Valuing nature through the prism of economic growth and profit puts it at risk, says assessment
An aerial view of deforestation due to logging in Thailand. richcarey/iStock/Getty Images Plus
Is market-based decision-making compatible with a sustainable relationship between man and nature?
A new assessment of the Intergovernmental Science-Policy Platform on Biodiversity and Ecosystem Services (IPBES) found that decisions about nature are made based on a narrow range of values that precipitate biodiversity loss.
“Biodiversity is disappearing and nature’s contributions to people are degrading faster now [than] at any other time in human history”, President of the IPBES Ana Maria Hernandez Salgar said in a statement. “This is largely because our current approach to political and economic decisions does not sufficiently take into account the diversity of nature’s values.”
The IPBES assessment report on the diverse conceptualization of the multiple values of nature and its benefits was endorsed on Saturday by representatives of the organization’s 139 member states. The approval came days after IPBES – which is considered the IPCC for biodiversity – endorsed another report showing how much humanity depends on wildlife. The most recent report is the work of four years and 82 experts from around the world. It follows a 2019 IPBES report warning that one million species are at risk of extinction, in part due to economic growth. It also comes ahead of the upcoming meeting of the United Nations Convention on Biological Diversity in Montreal, Canada, which will decide on biodiversity targets for the next decade.
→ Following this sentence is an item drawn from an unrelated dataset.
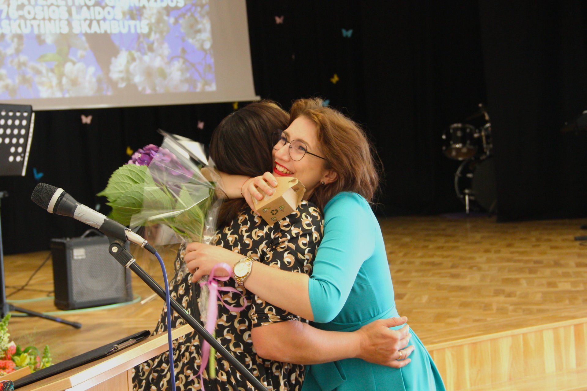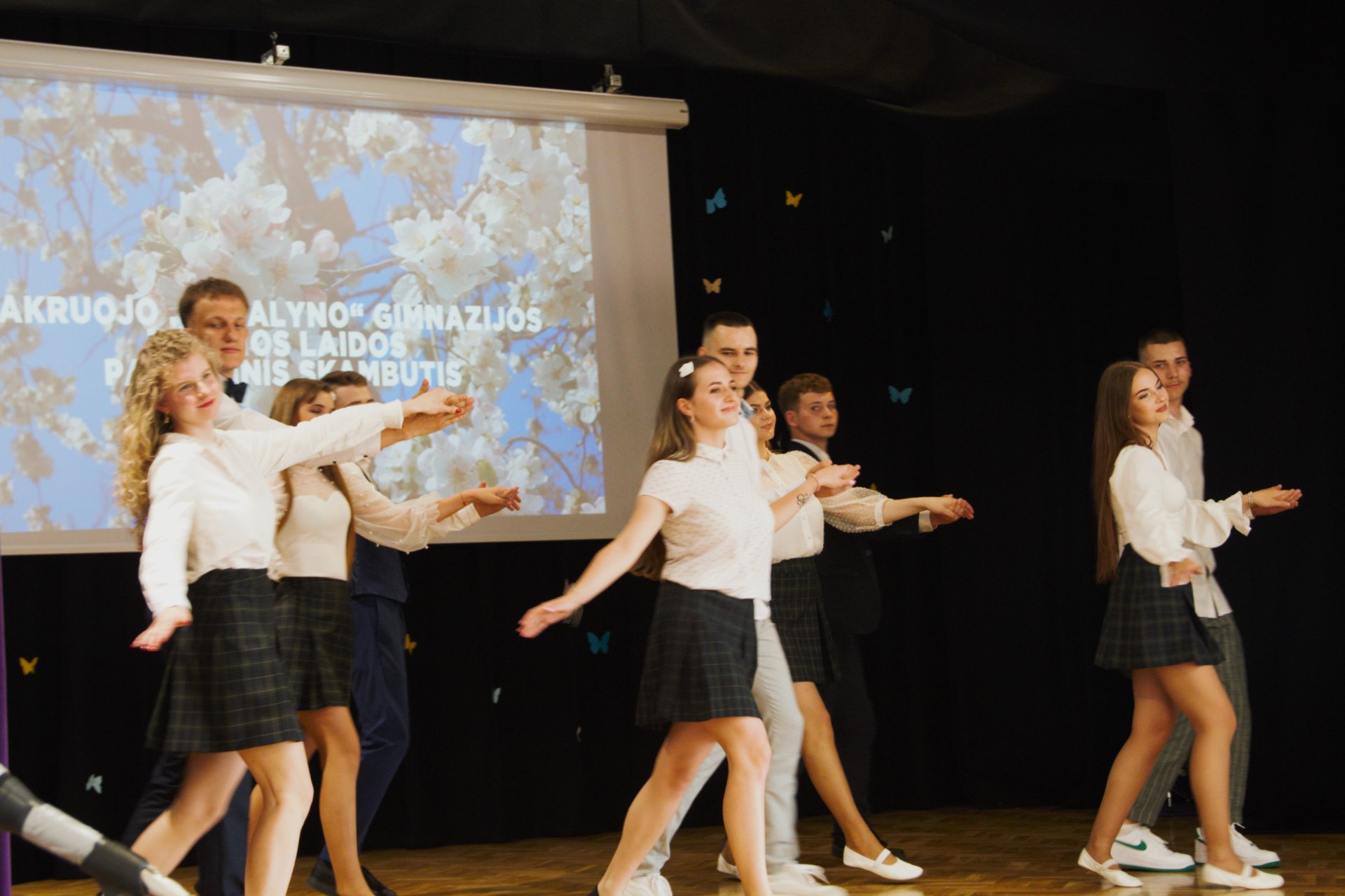 Renginyje šios emocijos tik dar kartą sustiprėjo, kai ketvirtokams kūrinius atliko grupės „Code A“, „Miražas“, Juozo Pakalnio menų mokyklos vaikinų ansamblis ir merginų tercetas. Direktorė Asta Valuntienė nuoširdžiai didžiavosi abiturientais, linkėjo jiems drąsiai priimti sprendimus, sėkmingai laikyti brandos ir gyvenimo egzaminus. Jautriai sveikino ir pirmosios 76-osios laidos abiturientų mokytojos bei auklėtojos. Sujaudino abituriento Vincento Leko atliktas kūrinys fortepijonu ir ketvirtokų valso šokis. Direktoriaus pavaduotoja ugdymui Rasa Augustinaitienė padėkojo abiturientams už aktyvią veiklą, puikius olimpiadų, konkursų rezultatus ir direktorė įteikė padėkos raštus. Trečiokų kurtas vaizdo įrašas priminė abiturientams jų svarbias, gražias ir juokingas gyvenimo akimirkas, kurios ilgai dar išliks jų širdyse. Abiturientai taip pat tarė savo žodį, padėkojo visiems mokyklos darbuotojams, mokytojams, kuratorei, tėveliams ir perdavė raktą trečiokams. Mielieji 76-osios laidos abiturientai, Jūs šioje gimnazijoje palikote pėdsaką, kurio mes nepamiršime. Gaila, bet Paskutinis skambutis Jus pakvietė į platųjį pasaulį, tegul jame bus įdomu ir smagu.

The assessment concluded that a major contributor to the multiple crises to which our environment are the values decision makers use to determine how to engage with nature, according to the summary for decision makers. Primarily, political and economic leaders have valued nature according to a market-based system that focuses on economic growth or short-term profits. This worldview emphasizes indicators such as gross domestic product and ignores both how nature improves the quality of life and the risk of depletion of natural resources and biodiversity.
However, the report also revealed that it need not be so. There are over 50 different “valuation methods” that can be used to assign a value to nature and guide decision-making.
“For too long, governments have viewed nature primarily through the prism of short-term economic growth, ignoring its myriad other values, from providing the food we eat and preventing floods to contributing to the environment. cultural identity,” said WWF International Head of Global Advocacy. Claire Blanchard said in a statement supporting the new report. “This report should be a wake-up call: unless leaders begin to consider the multiple values of nature in their political and economic decisions, the very natural systems on which we all depend will continue to decline and undermine our economies. .
The report found that there are four general perspectives from which people approach nature, according to the press release:
- Living from Nature focuses on how nature can support human life.
- Living with Nature focuses on the rights of non-human life.
- Living in nature focuses on the relationship between people, place and identity.
- Living Like Nature focuses on a sense of togetherness and unity between people and their environment.
The assessment focused specifically on studies that seek to value nature in different ways. He found that the number of so-called evaluation studies had increased by more than 10% over the past 40 years. However, only 5% of them had been used to inform policy decisions, according to WWF. Of the evaluation studies reviewed between 2010 and 2020, 65% focused on improving the state of nature, 31% on improving people’s quality of life and 4% on social justice, according to the press release.
There is room for improvement in the studies themselves, according to the assessment.
“Only 2% of the more than 1,000 studies reviewed consult stakeholders on the results of the nature assessment and only 1% of the studies involve stakeholders at every stage of the nature assessment process. What is missing is the use of valuation methods to address power asymmetries between stakeholders and to seamlessly integrate the diverse values of nature into policy-making,” said Prof. Unai Pascual, evaluation co-chair, in the press release.
Several values can align with a sustainable future, including stewardship, unity, justice, and accountability. There are also different ways forward that can create a more equitable and sustainable future, including ‘degrowth’, ‘green economy’, ‘earth stewardship’ and ‘nature conservation’.
Ultimately, the authors of the assessment outlined four steps towards a future that protects biodiversity:
- Recognize the multiple values of nature.
- Use them to make decisions.
- Modify existing policies to incorporate nature values.
- Transforming the priorities of today’s society to create a more just and sustainable future.
“Delegates who endorsed this report say it is a game-changer,” Pascal told the Guardian. “They realize that we’ve gone through a way of understanding nature in too narrow a sense, and that’s brought us to this situation where we’re living on a planet with interconnected crises…this [report] is one of many ingredients that will be needed to convince very powerful stakeholders and decision-makers to start changing the way they deal with nature.